In the present paper, we broaden these previous studies to test the effect of electrons, carbon ions, protons (at different energies) and neutrons (at higher energies) on the recognition capability of antibodies (summarized in Fig. 1). As protons and neutrons dominate the radiation environment during the Earth–Mars transit and on the Martian surface, we tested different high-energy particles from 15 to 50 MeV at different fluences. Moreover, other damaging particles are significantly present in cosmic and solar radiations such as carbon ions and electrons.
Fig. 1. Simulated spectra of particle fluxes, as a function of energy, during the Earth–Mars transit (left) and at Mars’ surface (right) with the energy range of particles investigated in this study (red zone). This figure is an adaptation of Fig. 8 in Le Postollec et al. (Reference Le Postollec2009a).
Chemicals and biological materials used to perform the experiments are given in the second section ‘Material’. The third section ‘Method’ describes samples preparation, particles irradiation parameters and analysis protocols. ‘Results’ are presented in the fourth section. The last section ‘Discussion/Conclusion’ draws conclusions on this study.
Material
Monoclonal anti-Horseradish Peroxydase (HRP) antibodies were obtained from Antibodies-online (Germany), HRP (type II), O-Phenylenediamine dihydrochloride (OPD), NaH2PO4, Tween® 20, sodium acetate, sucrose, sodium azide, NaOH, H2O2, BSA, (L)-Histidine and (D)-Arginine L-tyrosinamide, fluorescein and Tris(hydroxymethyl) aminomethane were purchased from Sigma Aldrich (Saint-Quentin, France). NaCl and MgCl2 were obtained from Chimie-Plus laboratoires (Bruyères de Pouilly, France) and Panreac Quimica (Barcelona, Spain), respectively.

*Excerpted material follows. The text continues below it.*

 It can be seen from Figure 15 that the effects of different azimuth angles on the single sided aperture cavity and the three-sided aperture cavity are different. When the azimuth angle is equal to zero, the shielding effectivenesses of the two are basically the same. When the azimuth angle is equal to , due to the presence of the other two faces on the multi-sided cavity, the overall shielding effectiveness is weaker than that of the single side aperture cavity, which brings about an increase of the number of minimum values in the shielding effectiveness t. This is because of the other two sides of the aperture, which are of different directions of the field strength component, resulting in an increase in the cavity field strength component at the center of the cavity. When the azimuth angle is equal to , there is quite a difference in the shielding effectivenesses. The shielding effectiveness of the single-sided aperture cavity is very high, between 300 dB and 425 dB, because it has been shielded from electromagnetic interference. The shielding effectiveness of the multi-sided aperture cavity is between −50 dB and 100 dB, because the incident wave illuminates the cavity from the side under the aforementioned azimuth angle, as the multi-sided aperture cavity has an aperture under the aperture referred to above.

Chemicals were analytical grade and were used as received. DNA-Bind™ plates were obtained from Corning (Netherlands) and Maxisorp™ plates were obtained from VWR (France). Optical density of the reaction products was measured on a Tecan Infinite M200 microplate reader (Lyon, France) at 492 nm.
Method
Sample preparation
Our Biochip models are small polymer containers, called micro-wells, where antibodies samples are placed for the experiments. DNA-Bind™ plates were used for covalent grafting (N-Oxysuccinimide functionalization allows random amine binding, Moreau et al. Reference Moreau, Faye, Baqué, Desvignes, Coussot, Pascal and Vandenabeele-Trambouze2011) whereas Maxisorp™ ones were used as sample containers for free antibodies. The samples preparation was done following the same protocol as in Baqué et al. (Reference Baqué2011a).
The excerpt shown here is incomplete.